Люби Господа, Бога твоего, всем сердцем своим, и всей душою своей, и всем существом своим.
— Ана, коза.
Я не шевельнулась, пропустив мимо ушей призыв немедленно отправляться к козе. Мои глаза неотступно следовали за Иисусом, который молился на другом конце комнаты, я вслушивалась в тихую мелодию его голоса, то затихающего, то становящегося громче. Всю свою жизнь я пребывала в блаженном неведении домашних забот, и почему-то раньше мне не приходило в голову, что их часть падет теперь на мои плечи. Эта мысль слегка меня тревожила: я была на редкость несведуща во всем, что полагалось делать женщинам.
Иисус стоял лицом к окну. Когда он поднял ладони, я заметила, как дрожат под туникой его плечи. Это зрелище воскресило воспоминания прошлой ночи, минуты столь сокровенные и прекрасные, что я ощутила болезненное томление и с губ сорвался невольный стон. Иисус закончил молитву и сел на тюфяк рядом со мной.
— Ты всегда спишь допоздна? — спросил он.
Я оперлась на локоть, обернулась к нему и попыталась принять вид одновременно лукавый и невинный.
— В этом нет моей вины.
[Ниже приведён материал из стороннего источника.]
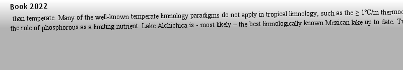| 书目名称 | Lake Alchichica Limnology | | 副标题 | The Uniqueness of a | | 编辑 | Javier Alcocer | | 视频video | http://file.papertrans.cn/581/580483/580483.mp4 | | 概述 | Focus on tropical limnology which is far less well known and understood than temperate limnology.Provides a multidisciplinary analysis of an unique Maar Lake in Mexico.Offers readers the result of a l | | 图书封面 |  | | 描述 | The book provides a comprehensive account of a tropical lake, Alchichica, considering that tropical limnology is by far less known and well-understood than temperate. Many of the well-known temperate limnology paradigms do not apply in tropical limnology, such as the ≥ 1ºC/m thermocline concept, or the role of phosphorous as a limiting nutrient. Lake Alchichica is - most likely – the best limnologically known Mexican lake up to date. Twenty years of continuous monitoring has led us to understand this deep, warm monomictic lake. The peculiar chemical composition of this saline lake – sodium-alkaline with a high concentration in magnesium waters, and groundwater-fed – led to the formation of its unique stromatolite ring that has become world-famous, studied by scientists from various countries. From a biological point of view, this relatively small maar lake displays a comparatively low species richness but surprisingly is plentiful in microendemic species for a recently-formed lake (13,000-6,300 years old, at the Late Pleistocene/Holocene Epoch), eleven of which already described, with more to come. Researchers and students interested in tropical limnology, extreme ecosystems, evolu | | 出版日期 | Book 2022 | | 关键词 | Warm monomictic lakes; Saline lakes; Tropical food webs; Microbialites; Stromatolites; Cyanobacterial blo | | 版次 | 1 | | doi | https://doi.org/10.1007/978-3-030-79096-7 | | isbn_softcover | 978-3-030-79098-1 | | isbn_ebook | 978-3-030-79096-7 | | copyright | The Editor(s) (if applicable) and The Author(s), under exclusive license to Springer Nature Switzerl |

Прошлой ночью мне не давали заснуть.
Его смех мячиком отскочил от стен и потолка, а затем вырвался наружу через маленькое окошко. Он откинул мне с лица копну спутанных волос и притянул меня к своей груди.
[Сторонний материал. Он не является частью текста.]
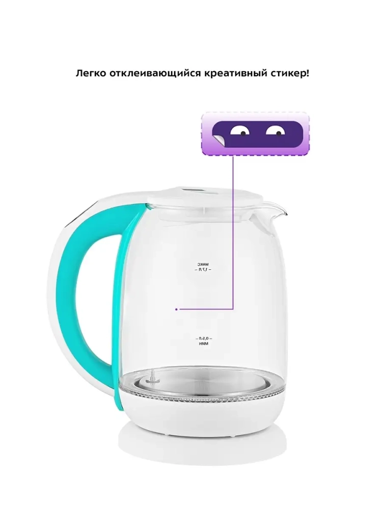 Корпус чайника выполнен из стекла, а крышка и подставка — из пластмассы. Мерная шкала нанесена на прозрачную часть корпуса. Крышка чайника открывается при нажатии на кнопку. Ручка чайника пластиковая, не нагревается и удобно лежит в руке. На ручке расположены кнопки выбора режимов работы и световые индикаторы.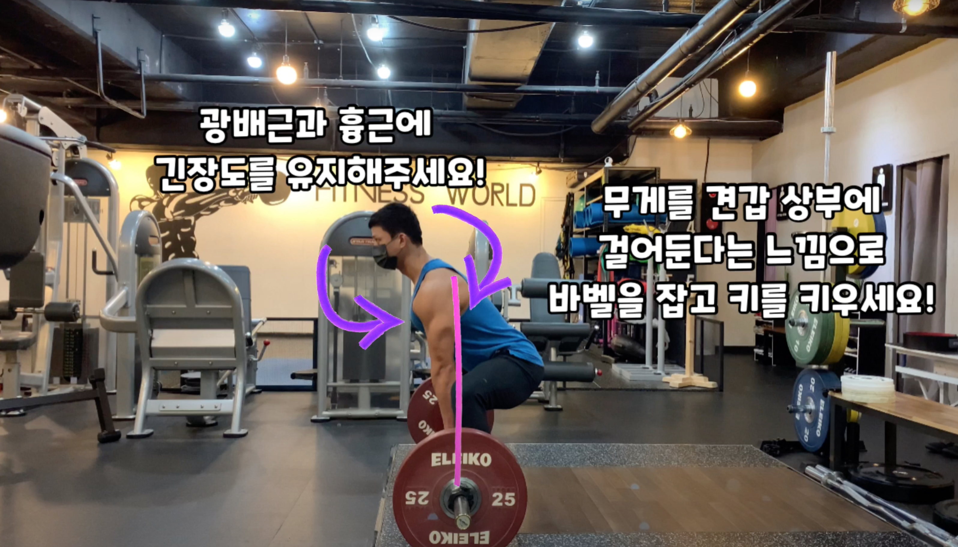 하강 2 = 광배근과 흉근에 긴장도를 유지하고 컨벤 데드와 다르게 상체를 숙이는 느낌이 아니라 아래로 천천히 앉는다는 느낌으로 바벨을 잡습니다.

— Ана, Ана, ты разбудила меня, вернула к жизни.
— То же и со мной, — отозвалась я. — Лишь одно пугает меня.
Он склонил голову набок:
— И что же это?
— Я понятия не имею, как доить козу.
Он снова громко рассмеялся и рывком поставил меня на ноги:
— Одевайся, я покажу тебе. Прежде всего, коза у нас особенная. Это первое, что ты должна усвоить. Она питается исключительно зимними фигами, миндальным цветом и ячменными лепешками, а еще требует, чтобы ее кормили с рук и чесали ей за ушами…
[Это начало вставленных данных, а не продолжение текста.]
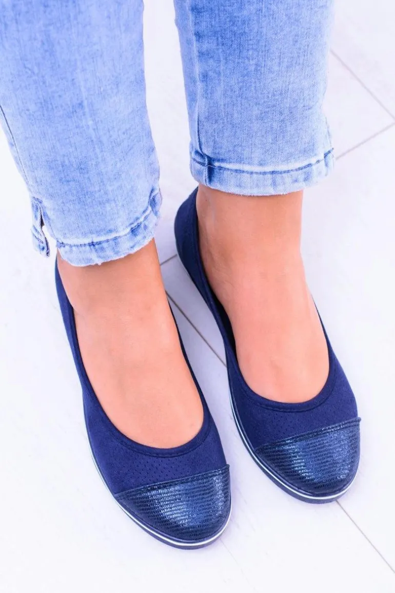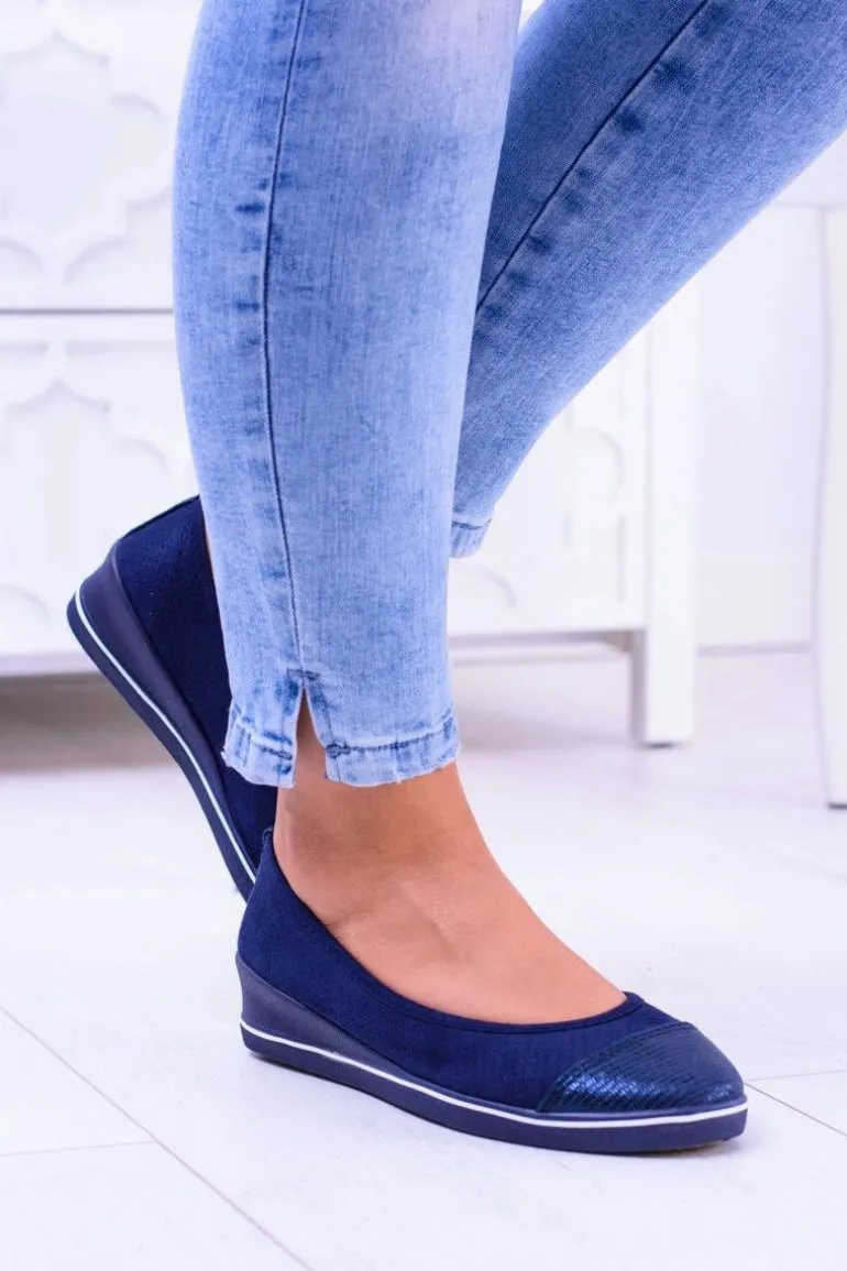 Materiałowe Granatowe Baleriny Na Koturnie Elleni

Иисус продолжал в том же духе, пока я, хихикая, натягивала тунику поверх нижней рубашки и повязывала голову платком. Он по-прежнему тесал камни для амфитеатра в Сепфорисе, и к этому часу ему следовало бы уже находиться в пути, но он не выказывал никаких признаков спешки.
— Подожди, — остановила я его, когда он направился к двери, и вытащила из мешочка, убранного в сундук, красную нитку. — Не догадываешься, откуда у меня это?